*** Opening of Dataset ***
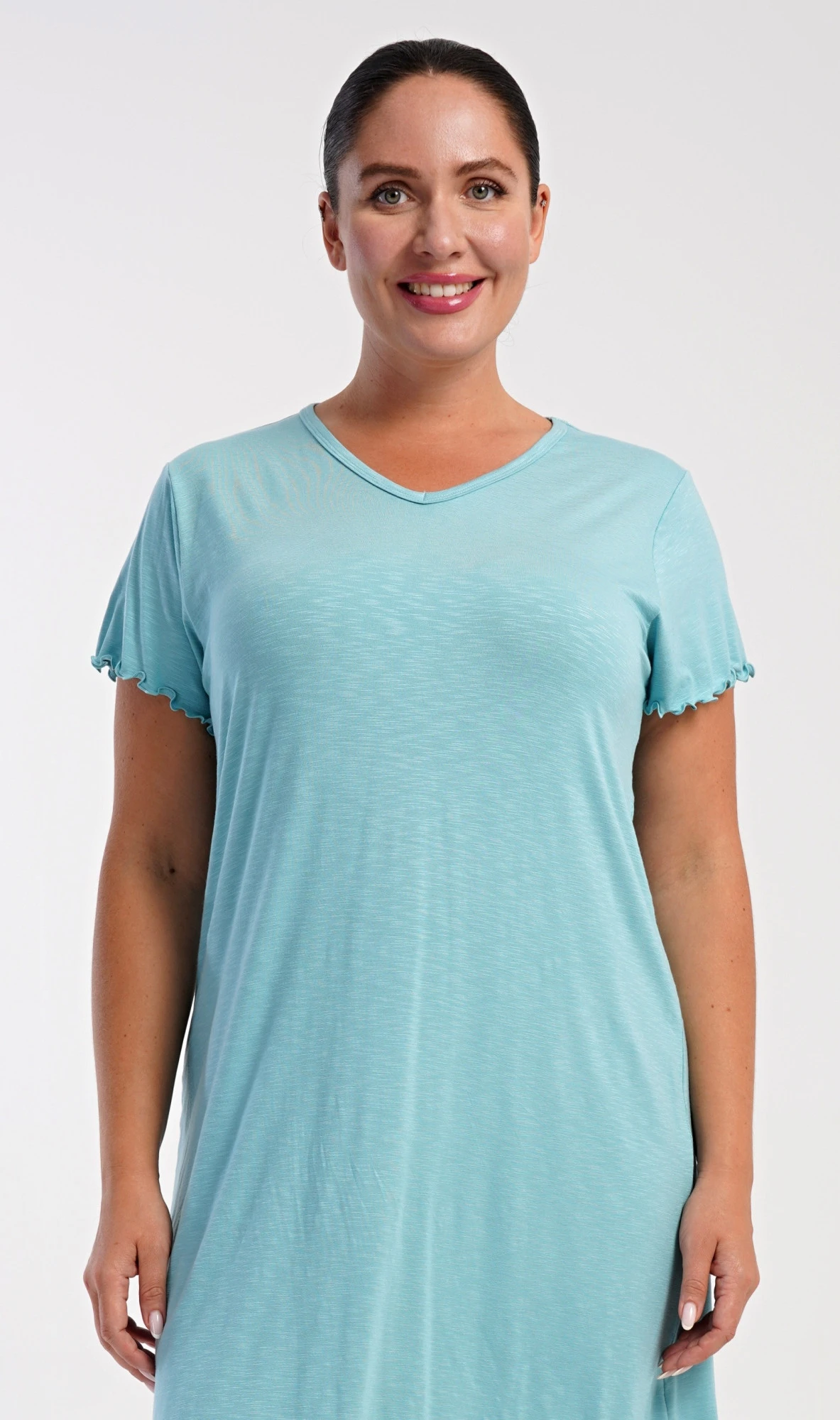 Dámská bavlněná noční košile s krátkým rukávem Sabrina. Košile má příjemnou délkou nad kolena a výstřih do V, je ozdobena žlábkováním na rukávech a spodním lemu. Použitý materiál s podílem bavlny 95% je příjemný a poddajný na dotek.
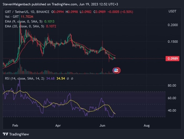 Как и большинство криптотокенов на рынке, в начале недели GRT понёс убытки. На текущий момент токен торгуется по $ 0,09884 с дневными потерями более 2%. Недельные показатели GRT оказались в красной зоне с цифрой -0,39%.
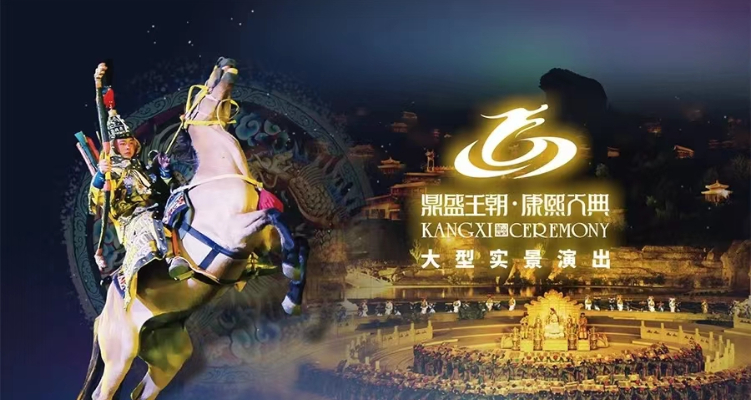 大型实景演出《鼎盛王朝·康熙大典》是全球首部皇家文化主题,演绎康熙大帝传奇经历的大型户外实景演出。整场演出以承德独特的自然元素和人文元素为创作基础,汲取康乾盛世时期的历史脉络与皇家文化元素,让观众在高科技声光电舞台效果的感染下、在激动不已的情感中穿越百年历史时空,以气势恢弘的大手笔、规模震撼的大制作、波澜壮阔的大视野,全面展示清王朝最鼎盛时期的历史风貌及人文情怀,以最精彩的形式表现康熙大帝辉煌的一生。《鼎盛王朝·康熙大典》自2011年6月公演以来,累计演出1749场,接待游客近240余万人次,综合收入5.42亿元。先后获得了“国家文化创意产业示范基地”“全国五一劳动奖状”等诸多荣誉,已成为河北旅游市场的一张亮丽名片。
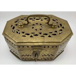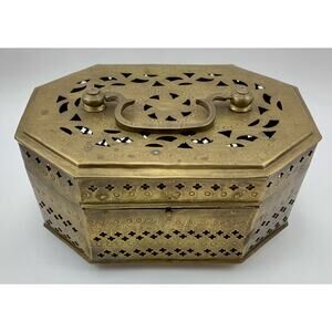 Vintage Pierced Brass Octagon Cricket Box Decor Storage
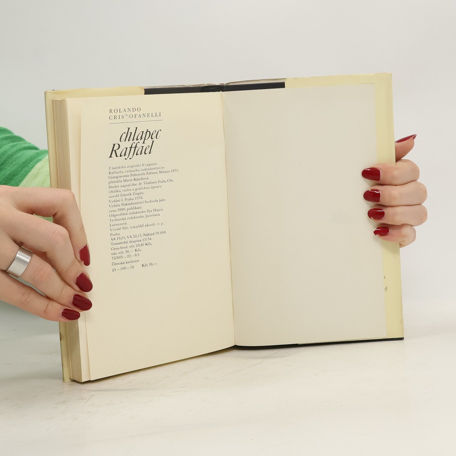 Životopisný román o italském renesančním malíři Raffaelovi Santim napsaný jako fiktivní autoportrét. Část nákladu vyšla brožovaně.
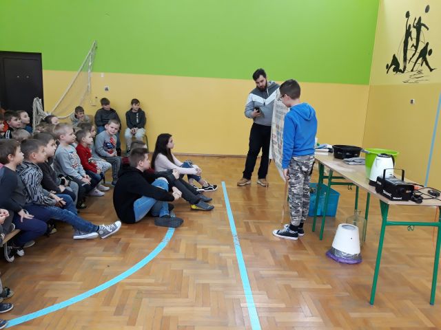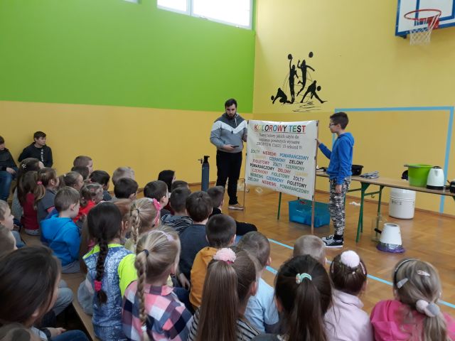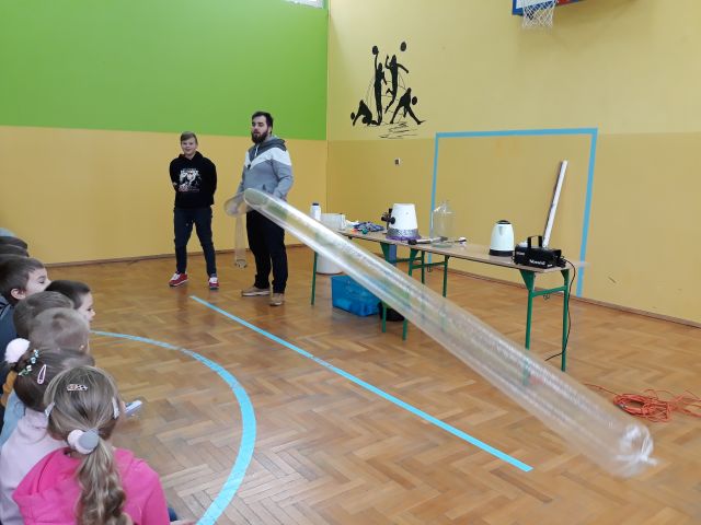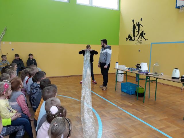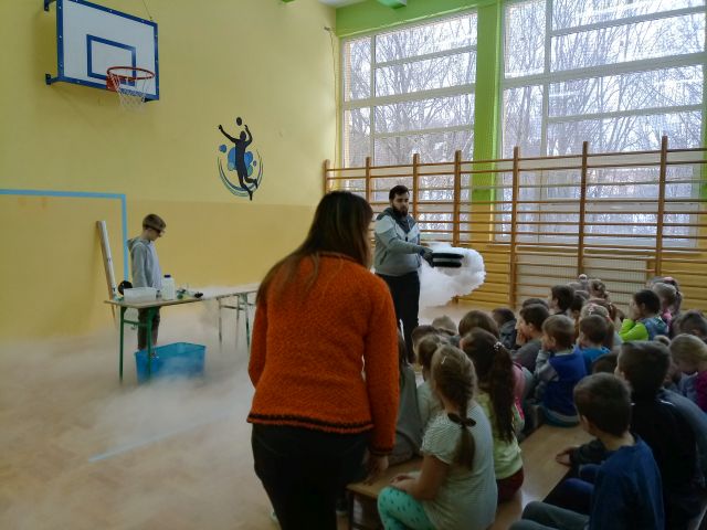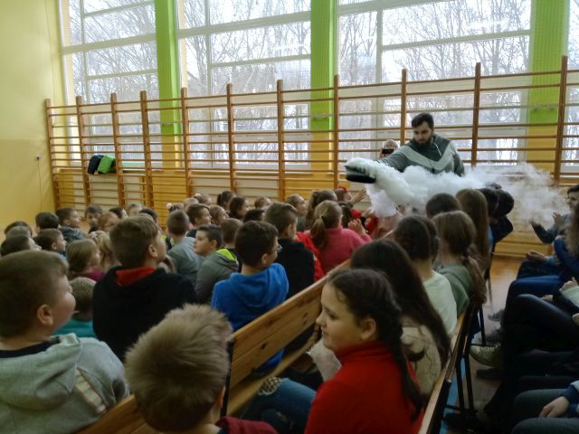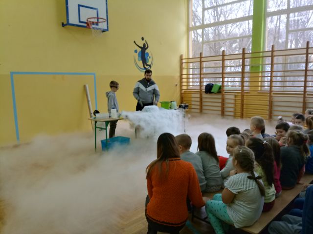 W dniu 8 stycznia 2020 uczniowie naszej szkoły po raz kolejny mieli przyjemność uczestniczyć w niecodziennej lekcji chemii i fizyki. Jej tematem były gazy, m. in. hel, azot i wodór. Dzieci poprzez świetną zabawę mogły nauczyć się wielu skomplikowanych procesów chemicznych. Uczniowie naszej szkoły analizowali i wyciagali wnioski z przeprowadzanych doświadczeń. Podejmowali również próby samodzielnego wykonywania eksperymentów. Dzięki niezwykłym zajęciom dzieci otrzymały niepowtarzalną okazję do rozwijania zainteresowań zjawiskami chemicznymi. Uczniowie mieli możliwość kształtowania umiejętności krytycznego myślenia, myślenia przyczynowo-skutkowego oraz rozszerzania horyzontów myślowych. Chociaż niektóre eksperymenty mogły wydawać się trudne, to dawały dzieciom okazję do odkrywania i zgłębiania fascynującego świata przyrody i techniki, a wiedza i zdobyte umiejętności mogą stać się inspiracją i pomostem do wiedzy zdobywanej na kolejnych szczeblach edukacji.
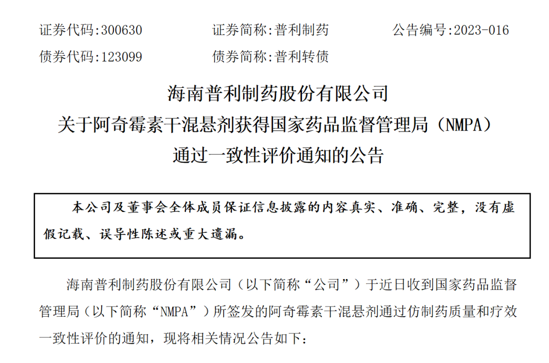 近期,普利制藥生產(chǎn)的普利舒奇阿奇霉素干混懸劑,共計(jì)3個(gè)規(guī)格,通過國家藥監(jiān)局審批,仿制藥質(zhì)量和療效一致性評價(jià)批準(zhǔn)上市。
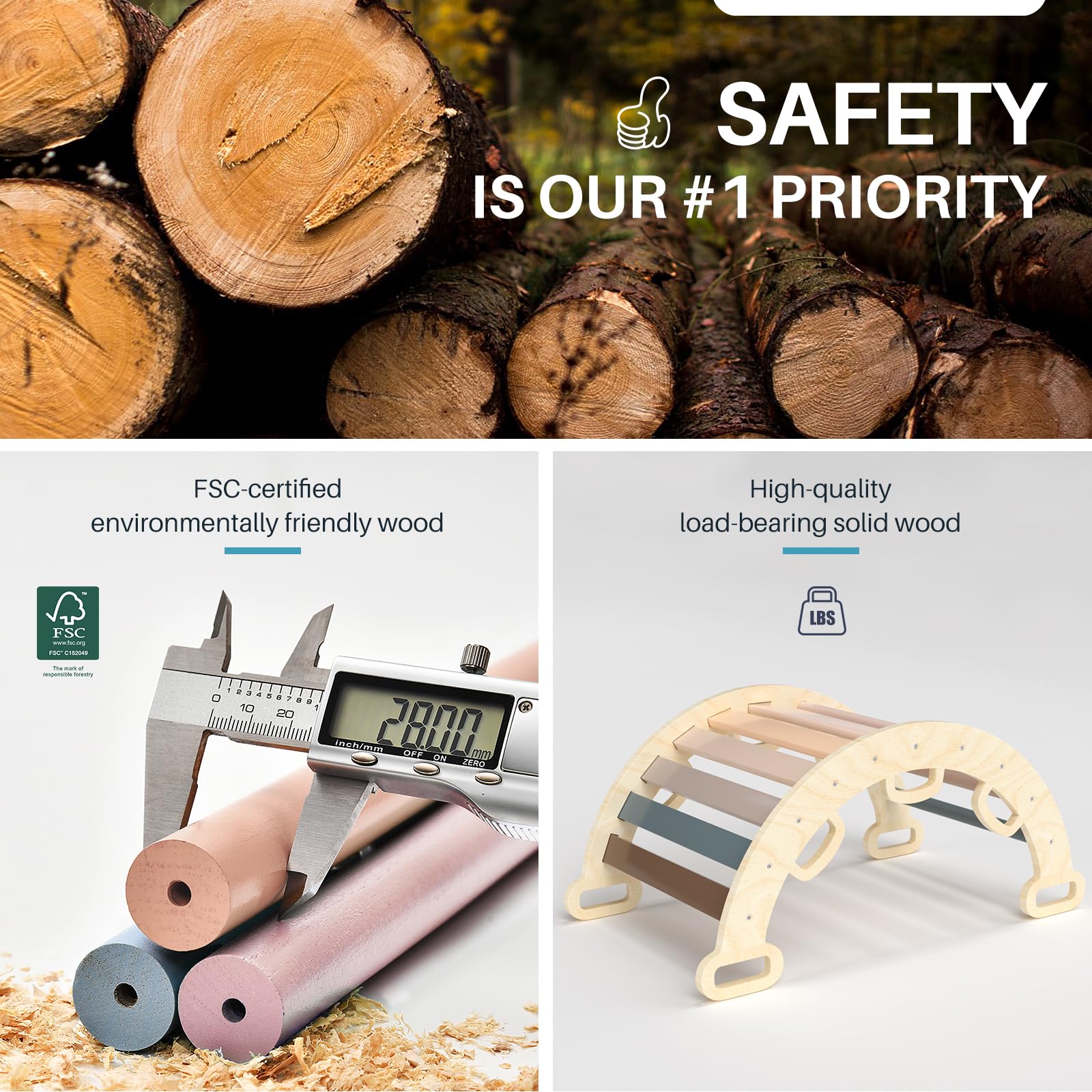 - Perfect Present for Toddlers: Made of premium hardwood, our solid climbing arch supports up to 150 lbs. With high stability and safety, this structure helps children naturally develop motor skills and explore their learning boundaries
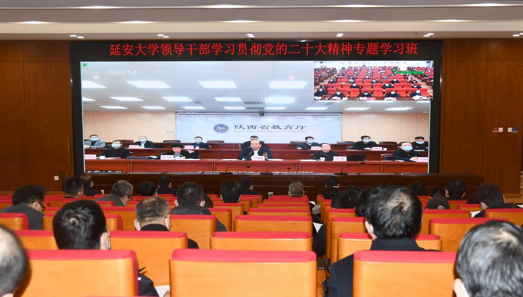 刘建林强调,学习宣传贯彻党的二十大精神是当前和今后一个时期的首要政治任务,要准确把握、深刻理解党的二十大报告提出的一系列新思想、新观点、新论断,特别是要深刻领会教育是“国之大计、党之大计”等重大战略和“办好人民满意的教育”部署要求,切实把思想和认识统一到党的二十大精神上来,把智慧和力量凝聚到党的二十大对教育工作提出的各项目标和任务上来,加快建设教育强省,努力办好人民满意的教育。要在系统学习上下功夫,紧扣重要思想、重要观点,读原文、悟原理,深刻领会党的二十大报告的丰富内涵和习近平总书记在大会期间的系列重要讲话精神,更好运用党的二十大精神谋划未来发展、解决现实问题、推动实际工作。要在深刻把握上下功夫,全面把握习近平新时代中国特色社会主义思想的世界观、方法论,深刻领会“两个结合”“六个坚持”,坚持教育优先发展、科技自立自强、人才引领驱动,共同塑造全省经济发展的新动能新优势。要在全面落实上下功夫,把学习贯彻成效体现到全力做好教育工作的具体行动上,认真落实陕西省和学校教育事业发展“十四五”规划及全省教育工作会议提出的目标要求,统筹做好新学期教学管理、校园安全、疫情防控和传染病防治工作,确保新的一年开好局、起好步。
*** Close of Dataset ***
Exercise prompt ▸ A faithful copy of every record is needed here. Leave the images out of it.

Solution for this exercise ▸
 Dámská bavlněná noční košile s krátkým rukávem Sabrina. Košile má příjemnou délkou nad kolena a výstřih do V, je ozdobena žlábkováním na rukávech a spodním lemu. Použitý materiál s podílem bavlny 95% je příjemný a poddajný na dotek.
 Как и большинство криптотокенов на рынке, в начале недели GRT понёс убытки. На текущий момент токен торгуется по $ 0,09884 с дневными потерями более 2%. Недельные показатели GRT оказались в красной зоне с цифрой -0,39%.
 大型实景演出《鼎盛王朝·康熙大典》是全球首部皇家文化主题,演绎康熙大帝传奇经历的大型户外实景演出。整场演出以承德独特的自然元素和人文元素为创作基础,汲取康乾盛世时期的历史脉络与皇家文化元素,让观众在高科技声光电舞台效果的感染下、在激动不已的情感中穿越百年历史时空,以气势恢弘的大手笔、规模震撼的大制作、波澜壮阔的大视野,全面展示清王朝最鼎盛时期的历史风貌及人文情怀,以最精彩的形式表现康熙大帝辉煌的一生。《鼎盛王朝·康熙大典》自2011年6月公演以来,累计演出1749场,接待游客近240余万人次,综合收入5.42亿元。先后获得了“国家文化创意产业示范基地”“全国五一劳动奖状”等诸多荣誉,已成为河北旅游市场的一张亮丽名片。
 Vintage Pierced Brass Octagon Cricket Box Decor Storage
 Životopisný román o italském renesančním malíři Raffaelovi Santim napsaný jako fiktivní autoportrét. Část nákladu vyšla brožovaně.
 W dniu 8 stycznia 2020 uczniowie naszej szkoły po raz kolejny mieli przyjemność uczestniczyć w niecodziennej lekcji chemii i fizyki. Jej tematem były gazy, m. in. hel, azot i wodór. Dzieci poprzez świetną zabawę mogły nauczyć się wielu skomplikowanych procesów chemicznych. Uczniowie naszej szkoły analizowali i wyciagali wnioski z przeprowadzanych doświadczeń. Podejmowali również próby samodzielnego wykonywania eksperymentów. Dzięki niezwykłym zajęciom dzieci otrzymały niepowtarzalną okazję do rozwijania zainteresowań zjawiskami chemicznymi. Uczniowie mieli możliwość kształtowania umiejętności krytycznego myślenia, myślenia przyczynowo-skutkowego oraz rozszerzania horyzontów myślowych. Chociaż niektóre eksperymenty mogły wydawać się trudne, to dawały dzieciom okazję do odkrywania i zgłębiania fascynującego świata przyrody i techniki, a wiedza i zdobyte umiejętności mogą stać się inspiracją i pomostem do wiedzy zdobywanej na kolejnych szczeblach edukacji.
 近期,普利制藥生產(chǎn)的普利舒奇阿奇霉素干混懸劑,共計(jì)3個(gè)規(guī)格,通過國家藥監(jiān)局審批,仿制藥質(zhì)量和療效一致性評價(jià)批準(zhǔn)上市。
 - Perfect Present for Toddlers: Made of premium hardwood, our solid climbing arch supports up to 150 lbs. With high stability and safety, this structure helps children naturally develop motor skills and explore their learning boundaries
 刘建林强调,学习宣传贯彻党的二十大精神是当前和今后一个时期的首要政治任务,要准确把握、深刻理解党的二十大报告提出的一系列新思想、新观点、新论断,特别是要深刻领会教育是“国之大计、党之大计”等重大战略和“办好人民满意的教育”部署要求,切实把思想和认识统一到党的二十大精神上来,把智慧和力量凝聚到党的二十大对教育工作提出的各项目标和任务上来,加快建设教育强省,努力办好人民满意的教育。要在系统学习上下功夫,紧扣重要思想、重要观点,读原文、悟原理,深刻领会党的二十大报告的丰富内涵和习近平总书记在大会期间的系列重要讲话精神,更好运用党的二十大精神谋划未来发展、解决现实问题、推动实际工作。要在深刻把握上下功夫,全面把握习近平新时代中国特色社会主义思想的世界观、方法论,深刻领会“两个结合”“六个坚持”,坚持教育优先发展、科技自立自强、人才引领驱动,共同塑造全省经济发展的新动能新优势。要在全面落实上下功夫,把学习贯彻成效体现到全力做好教育工作的具体行动上,认真落实陕西省和学校教育事业发展“十四五”规划及全省教育工作会议提出的目标要求,统筹做好新学期教学管理、校园安全、疫情防控和传染病防治工作,确保新的一年开好局、起好步。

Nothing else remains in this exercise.